*** Opening Information provided ***
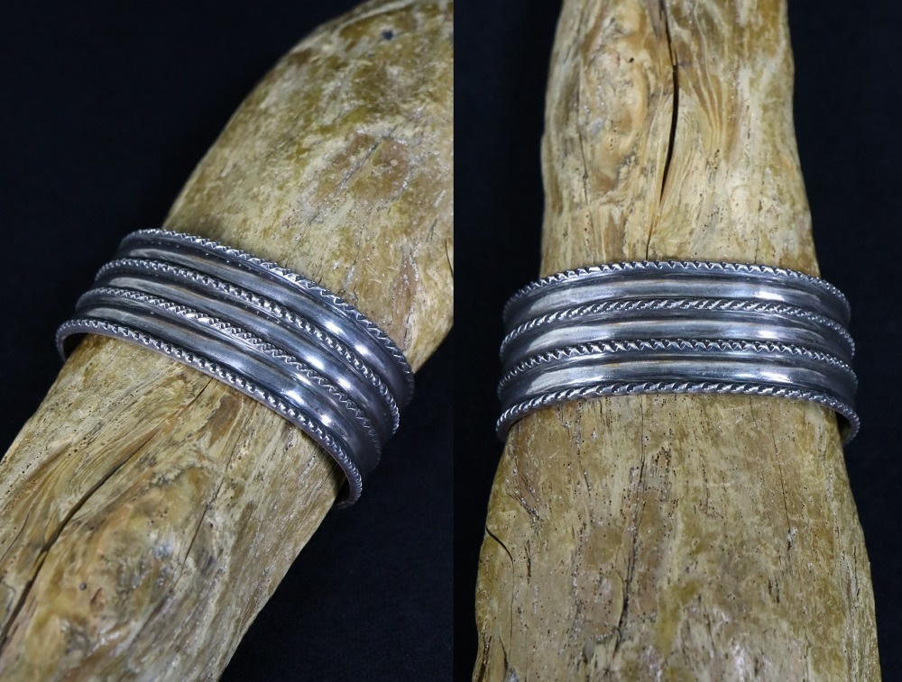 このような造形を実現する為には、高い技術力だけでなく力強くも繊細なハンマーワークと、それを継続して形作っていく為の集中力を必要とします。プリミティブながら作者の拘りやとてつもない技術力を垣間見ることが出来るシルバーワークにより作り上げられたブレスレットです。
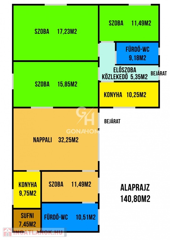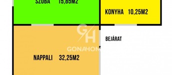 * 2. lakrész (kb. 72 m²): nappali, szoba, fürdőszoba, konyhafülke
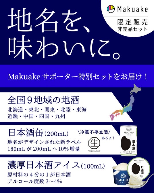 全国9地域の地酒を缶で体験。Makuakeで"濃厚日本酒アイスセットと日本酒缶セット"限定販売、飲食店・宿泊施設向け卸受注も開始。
*** Closing Information provided ***
**Required action:**
An exact transcription is requested of each line from the one that holds "szoba, fürdőszoba, konyhafülke" to the end of the listing above, both boundary lines included; pictures are to be omitted.

**Output for this exercise:**
 * 2. lakrész (kb. 72 m²): nappali, szoba, fürdőszoba, konyhafülke
 全国9地域の地酒を缶で体験。Makuakeで"濃厚日本酒アイスセットと日本酒缶セット"限定販売、飲食店・宿泊施設向け卸受注も開始。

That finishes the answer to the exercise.